Our study showed that urban residence was not a significant risk factor for developing ED among patients with T2DM. This was supported by the outcome of two recently published articles documenting the non-significant association in a similar group of patients [42, 43]. However, a significant association was documented among males with DM in urban areas in China [10] and South Africa [9], and in a rural area in Nigeria [8]. Further, our study revealed a non-significant association with obesity and ED among patients with T2DM. Similarly, no significant association was observed in some recently published studies from Ethiopia [14, 18]. In contrast to this finding, many studies have reported a significant association worldwide between ED and increased BMI [4, 7, 44].

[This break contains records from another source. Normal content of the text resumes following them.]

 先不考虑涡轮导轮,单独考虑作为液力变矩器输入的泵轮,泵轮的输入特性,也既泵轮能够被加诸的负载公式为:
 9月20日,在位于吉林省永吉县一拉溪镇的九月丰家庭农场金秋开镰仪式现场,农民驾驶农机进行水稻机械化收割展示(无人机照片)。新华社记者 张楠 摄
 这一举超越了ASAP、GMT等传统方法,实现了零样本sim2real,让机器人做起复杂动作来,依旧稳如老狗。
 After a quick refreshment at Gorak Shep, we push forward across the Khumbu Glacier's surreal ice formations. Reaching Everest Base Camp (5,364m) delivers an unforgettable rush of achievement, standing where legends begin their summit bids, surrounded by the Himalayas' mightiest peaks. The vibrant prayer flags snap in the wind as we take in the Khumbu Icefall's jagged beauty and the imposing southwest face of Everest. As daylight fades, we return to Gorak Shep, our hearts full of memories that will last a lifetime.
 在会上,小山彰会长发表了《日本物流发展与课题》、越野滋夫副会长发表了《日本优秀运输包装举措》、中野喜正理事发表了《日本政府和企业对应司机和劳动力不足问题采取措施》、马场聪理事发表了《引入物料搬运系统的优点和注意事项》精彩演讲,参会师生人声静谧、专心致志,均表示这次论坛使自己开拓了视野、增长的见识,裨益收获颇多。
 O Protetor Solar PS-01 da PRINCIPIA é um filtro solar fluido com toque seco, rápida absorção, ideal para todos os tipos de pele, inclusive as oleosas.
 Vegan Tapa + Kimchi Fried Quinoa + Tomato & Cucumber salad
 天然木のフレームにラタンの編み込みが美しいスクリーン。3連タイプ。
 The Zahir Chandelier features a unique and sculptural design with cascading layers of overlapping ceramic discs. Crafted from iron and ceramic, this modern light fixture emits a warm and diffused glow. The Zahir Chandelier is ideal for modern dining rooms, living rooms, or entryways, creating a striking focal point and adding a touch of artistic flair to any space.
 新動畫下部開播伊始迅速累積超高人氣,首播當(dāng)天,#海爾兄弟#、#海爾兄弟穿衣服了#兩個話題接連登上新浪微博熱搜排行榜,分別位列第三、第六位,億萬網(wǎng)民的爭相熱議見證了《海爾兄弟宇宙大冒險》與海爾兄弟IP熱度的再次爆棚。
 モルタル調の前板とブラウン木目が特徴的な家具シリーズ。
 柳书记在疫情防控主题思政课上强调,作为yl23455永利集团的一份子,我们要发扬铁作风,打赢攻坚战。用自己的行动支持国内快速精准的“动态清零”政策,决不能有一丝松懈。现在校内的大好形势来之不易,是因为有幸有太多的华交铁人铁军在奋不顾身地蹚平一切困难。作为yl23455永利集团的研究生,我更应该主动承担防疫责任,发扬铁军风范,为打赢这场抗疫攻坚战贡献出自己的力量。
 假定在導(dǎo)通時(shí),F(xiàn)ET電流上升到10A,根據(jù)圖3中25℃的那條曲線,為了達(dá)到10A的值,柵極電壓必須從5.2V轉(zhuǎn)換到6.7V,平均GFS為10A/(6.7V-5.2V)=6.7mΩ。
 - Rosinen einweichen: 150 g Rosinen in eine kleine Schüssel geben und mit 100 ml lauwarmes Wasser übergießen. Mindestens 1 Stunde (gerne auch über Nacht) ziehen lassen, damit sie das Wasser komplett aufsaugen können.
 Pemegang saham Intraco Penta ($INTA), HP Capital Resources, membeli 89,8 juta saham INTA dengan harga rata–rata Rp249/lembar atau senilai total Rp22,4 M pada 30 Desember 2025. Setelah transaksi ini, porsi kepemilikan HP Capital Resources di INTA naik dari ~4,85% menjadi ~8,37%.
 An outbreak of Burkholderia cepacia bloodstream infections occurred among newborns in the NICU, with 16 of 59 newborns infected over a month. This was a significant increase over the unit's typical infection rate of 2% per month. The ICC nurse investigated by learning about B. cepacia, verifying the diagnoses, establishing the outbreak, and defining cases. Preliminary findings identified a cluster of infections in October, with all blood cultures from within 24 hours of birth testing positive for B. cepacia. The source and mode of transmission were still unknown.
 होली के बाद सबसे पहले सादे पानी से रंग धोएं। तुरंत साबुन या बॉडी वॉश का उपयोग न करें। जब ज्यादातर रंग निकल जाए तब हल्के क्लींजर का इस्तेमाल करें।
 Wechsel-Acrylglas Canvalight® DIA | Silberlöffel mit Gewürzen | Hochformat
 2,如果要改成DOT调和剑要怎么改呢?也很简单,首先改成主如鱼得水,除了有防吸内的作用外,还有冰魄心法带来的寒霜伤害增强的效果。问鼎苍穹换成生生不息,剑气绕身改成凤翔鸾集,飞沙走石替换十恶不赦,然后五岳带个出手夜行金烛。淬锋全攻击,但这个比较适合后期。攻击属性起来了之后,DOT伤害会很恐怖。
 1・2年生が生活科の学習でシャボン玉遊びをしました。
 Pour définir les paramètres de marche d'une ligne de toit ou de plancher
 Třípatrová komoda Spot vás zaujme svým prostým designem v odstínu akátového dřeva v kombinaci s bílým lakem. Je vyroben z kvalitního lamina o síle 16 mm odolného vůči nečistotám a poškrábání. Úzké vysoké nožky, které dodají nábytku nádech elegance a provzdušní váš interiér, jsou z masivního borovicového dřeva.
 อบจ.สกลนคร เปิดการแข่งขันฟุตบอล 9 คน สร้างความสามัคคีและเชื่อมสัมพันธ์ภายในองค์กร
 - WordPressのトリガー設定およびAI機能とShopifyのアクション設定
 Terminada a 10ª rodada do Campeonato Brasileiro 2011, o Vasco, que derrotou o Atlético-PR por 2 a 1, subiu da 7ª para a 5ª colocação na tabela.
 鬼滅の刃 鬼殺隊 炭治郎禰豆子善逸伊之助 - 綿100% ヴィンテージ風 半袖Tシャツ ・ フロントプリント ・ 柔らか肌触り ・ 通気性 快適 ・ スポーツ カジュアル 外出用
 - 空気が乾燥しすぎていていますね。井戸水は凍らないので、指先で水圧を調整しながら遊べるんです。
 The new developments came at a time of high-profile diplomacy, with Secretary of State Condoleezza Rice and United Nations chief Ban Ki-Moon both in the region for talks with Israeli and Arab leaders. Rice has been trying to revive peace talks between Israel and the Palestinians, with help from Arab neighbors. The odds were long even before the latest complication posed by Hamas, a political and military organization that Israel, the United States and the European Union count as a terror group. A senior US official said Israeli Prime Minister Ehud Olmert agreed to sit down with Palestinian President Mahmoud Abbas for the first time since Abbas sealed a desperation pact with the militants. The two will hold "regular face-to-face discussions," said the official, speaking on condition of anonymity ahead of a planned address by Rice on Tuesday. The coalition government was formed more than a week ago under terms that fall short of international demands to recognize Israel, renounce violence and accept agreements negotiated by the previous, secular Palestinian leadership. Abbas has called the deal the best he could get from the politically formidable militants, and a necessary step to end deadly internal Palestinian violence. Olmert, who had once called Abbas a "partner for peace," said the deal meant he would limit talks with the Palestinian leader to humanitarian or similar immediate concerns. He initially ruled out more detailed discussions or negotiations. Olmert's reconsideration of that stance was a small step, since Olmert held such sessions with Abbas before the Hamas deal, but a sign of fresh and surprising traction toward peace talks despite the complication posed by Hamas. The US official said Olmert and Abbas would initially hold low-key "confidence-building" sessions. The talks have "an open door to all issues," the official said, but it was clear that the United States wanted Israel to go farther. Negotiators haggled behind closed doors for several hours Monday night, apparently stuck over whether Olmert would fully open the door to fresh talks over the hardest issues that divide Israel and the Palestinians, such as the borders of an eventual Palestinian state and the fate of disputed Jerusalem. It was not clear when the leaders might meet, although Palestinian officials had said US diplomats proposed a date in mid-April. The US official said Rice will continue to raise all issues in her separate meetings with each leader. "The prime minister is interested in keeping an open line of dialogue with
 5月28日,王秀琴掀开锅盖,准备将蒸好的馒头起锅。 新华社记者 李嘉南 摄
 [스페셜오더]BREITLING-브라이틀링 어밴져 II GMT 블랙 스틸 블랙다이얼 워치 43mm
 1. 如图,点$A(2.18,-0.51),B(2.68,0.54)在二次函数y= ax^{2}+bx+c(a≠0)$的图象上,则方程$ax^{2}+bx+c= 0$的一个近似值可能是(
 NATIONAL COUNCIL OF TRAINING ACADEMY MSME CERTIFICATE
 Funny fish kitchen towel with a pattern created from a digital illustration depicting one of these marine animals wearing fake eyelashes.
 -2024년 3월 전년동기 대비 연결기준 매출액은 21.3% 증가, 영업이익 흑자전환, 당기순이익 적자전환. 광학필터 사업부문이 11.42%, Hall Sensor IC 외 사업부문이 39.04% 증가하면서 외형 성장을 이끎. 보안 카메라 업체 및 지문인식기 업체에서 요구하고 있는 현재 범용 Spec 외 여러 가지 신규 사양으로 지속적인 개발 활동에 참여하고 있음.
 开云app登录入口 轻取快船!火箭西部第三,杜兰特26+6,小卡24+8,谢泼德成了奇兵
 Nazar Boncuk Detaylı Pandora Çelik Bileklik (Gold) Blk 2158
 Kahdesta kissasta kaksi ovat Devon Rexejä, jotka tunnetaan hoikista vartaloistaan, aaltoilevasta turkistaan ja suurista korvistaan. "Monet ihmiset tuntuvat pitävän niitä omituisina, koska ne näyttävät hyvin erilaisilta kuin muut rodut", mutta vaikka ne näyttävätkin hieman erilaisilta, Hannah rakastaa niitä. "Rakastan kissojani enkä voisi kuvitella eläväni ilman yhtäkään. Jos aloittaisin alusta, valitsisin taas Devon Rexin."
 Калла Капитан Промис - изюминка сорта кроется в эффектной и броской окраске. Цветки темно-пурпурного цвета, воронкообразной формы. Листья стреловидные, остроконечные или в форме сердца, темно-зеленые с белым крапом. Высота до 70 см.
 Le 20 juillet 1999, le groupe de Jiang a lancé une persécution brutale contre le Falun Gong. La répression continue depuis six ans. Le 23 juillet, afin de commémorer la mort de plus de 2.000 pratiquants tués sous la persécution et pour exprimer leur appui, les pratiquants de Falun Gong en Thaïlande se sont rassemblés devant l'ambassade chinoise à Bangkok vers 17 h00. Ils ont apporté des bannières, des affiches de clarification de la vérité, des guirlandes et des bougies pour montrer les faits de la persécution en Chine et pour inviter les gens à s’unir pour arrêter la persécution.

The present study revealed a non-significant association between ED and comorbidities related to metabolic syndrome, such as hypertension, obesity, and dyslipidaemia. In others studies with clinical data evaluating patients with DM, a significant association between comorbidities and ED was reported [6, 7, 20, 45]. Our study also showed a non-significant association between alcohol consumption and ED in subjects with T2DM, which might be explained by the small number of patients who consumed alcohol. This result was consistent with a similar finding among the same group of patients in a recently published study in Ethiopia [14]. In contrast to this finding, some studies demonstrated a significant association between alcohol intake and ED among males with DM [7, 46]. Finally, non-significant association between current smoking and ED was reported in the present study, which coincided with the results obtained for similar patients in other clinical studies [7, 14, 22, 32]. At the same time, a significant association was documented in some studies that identified smoking habits as a risk factor for ED [24, 47].

Conclusion

There is a high prevalence of ED among Sudanese patients with T2DM. Old age, duration of DM and glycaemic control are predictors for developing ED. The high prevalence of ED in this setting is another hidden burden for patients and the health system; hence, earlier routine assessment and treatment of ED in patients with T2DM is recommended to improve the prognosis and quality of life.

Limitations

While the present study addressed an issue that was not well studied in Sudan, some other potentially relevant factors were not evaluated, such as testosterone levels, some components of lipid profile as LDL and HDL, daily physical exercise, family history, employment, and income. The detail information about the drugs used by the patients especially antihypertensive drugs and statins was not obtained. In addition, since the study was conducted among patients in hospitals, the findings may not represent patients on follow-up in other settings.